Mel Bochner

Mel Bochner was born in Pittsburgh in 1940. He studied painting and philosophy, earned his BFA from the Carnegie Institute of Technology in 1962, and moved to New York City in 1964, where he continues to live and work. His first exhibition, in 1966 at the School of Visual Arts, Working Drawings and Other Visible Things on Paper Not Necessarily Meant to be Viewed as Art, is often cited as the first exhibition of conceptual art. In 1976, Peter Freeman, while still a student, invited him to make the cover for the Harvard University campus literary magazine.
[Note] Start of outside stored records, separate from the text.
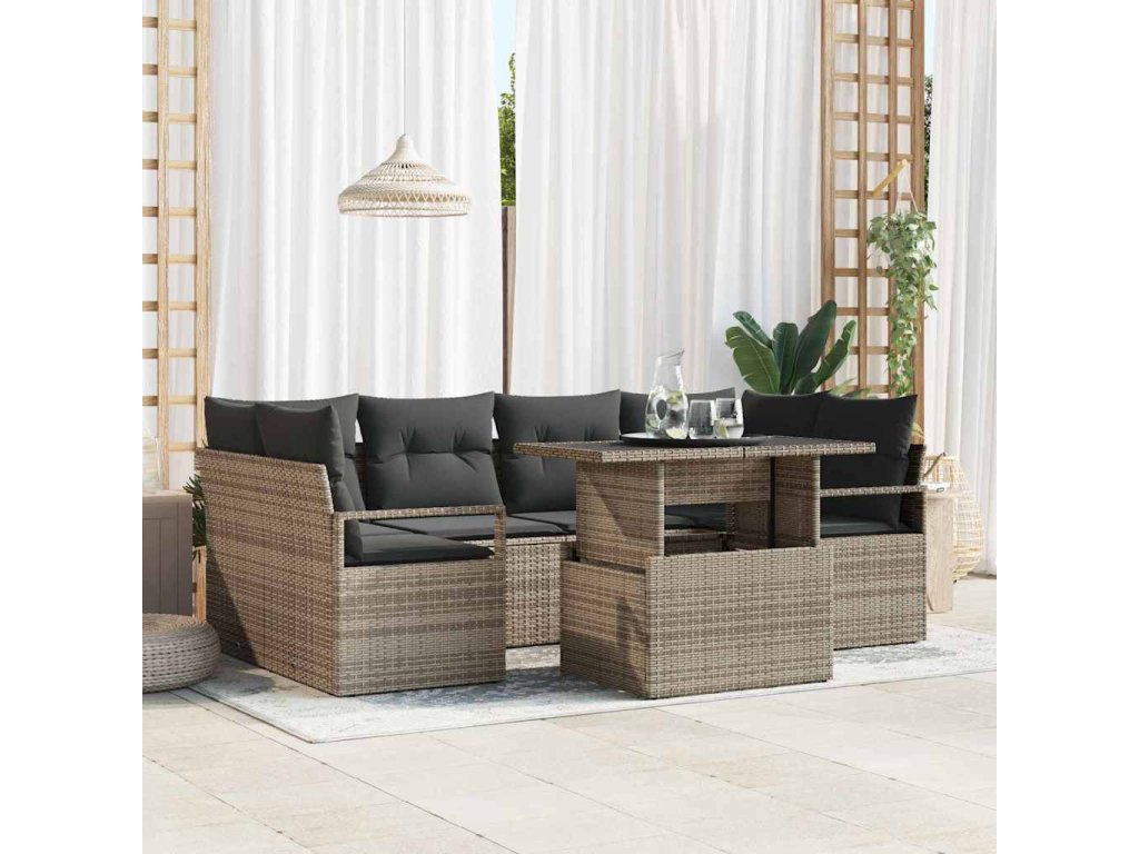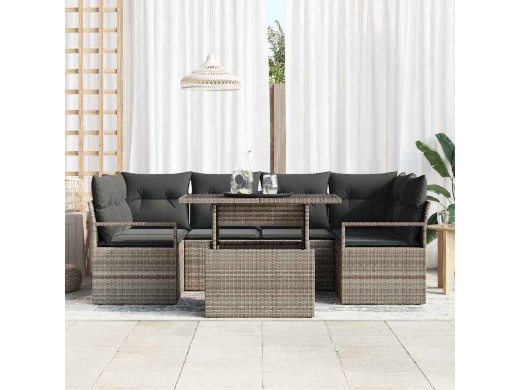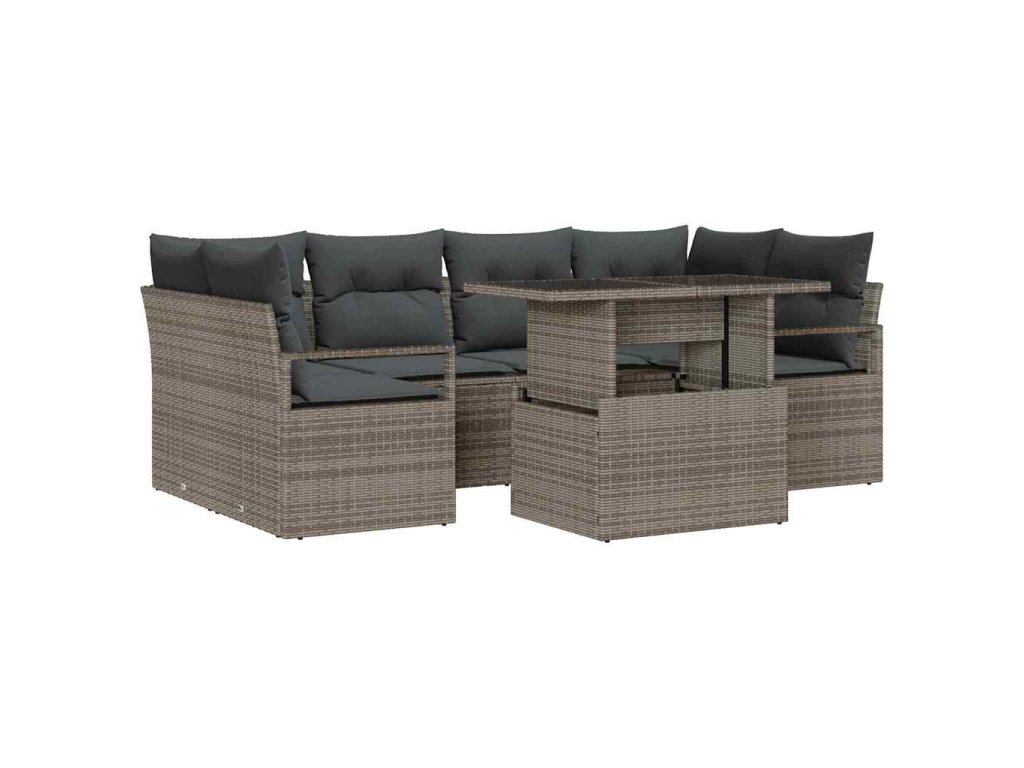 Sada zahradních pohovek s úložištěm 7 pcs Šedá Poly ratan 3357492
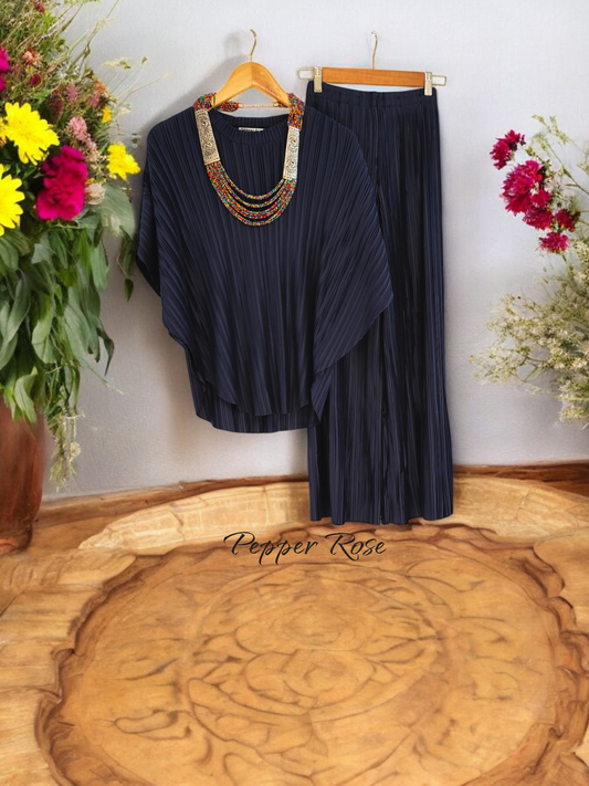 Alice Pleated Plain Co-Ord Set - Navy Blue
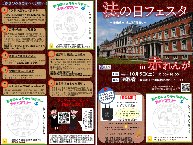 そして、「法の日」から1週間を「法の日週間」とし、この「法の日週間」に、法の役割や重要性を考えていただくとともに、法を身近に感じていただくためのイベントとして毎年法務省で開催しているのが、「法の日フェスタ in 赤れんが」です。

Thirty years later, in 2006, Bochner joined Peter Freeman, Inc. and has mounted nine solo exhibitions at the gallery since.
 
Bochner’s work is included in many public collections, including the Art Institute of Chicago, Illinois; Carnegie Museum of Art, Pittsburgh; The Museum of Modern Art, New York; National Gallery of Art, Washington, DC; Whitney Museum of American Art, New York; Tate, London; and Centre Pompidou, Paris. In addition to the retrospective at the Art Institute and the Dia Beacon commission, recent solo exhibitions have included a show at The National Museum of Art, Osaka (2023) and a wall drawing as part of a site-specific installation series at The Menil Drawing Institute, Houston (2022–2023).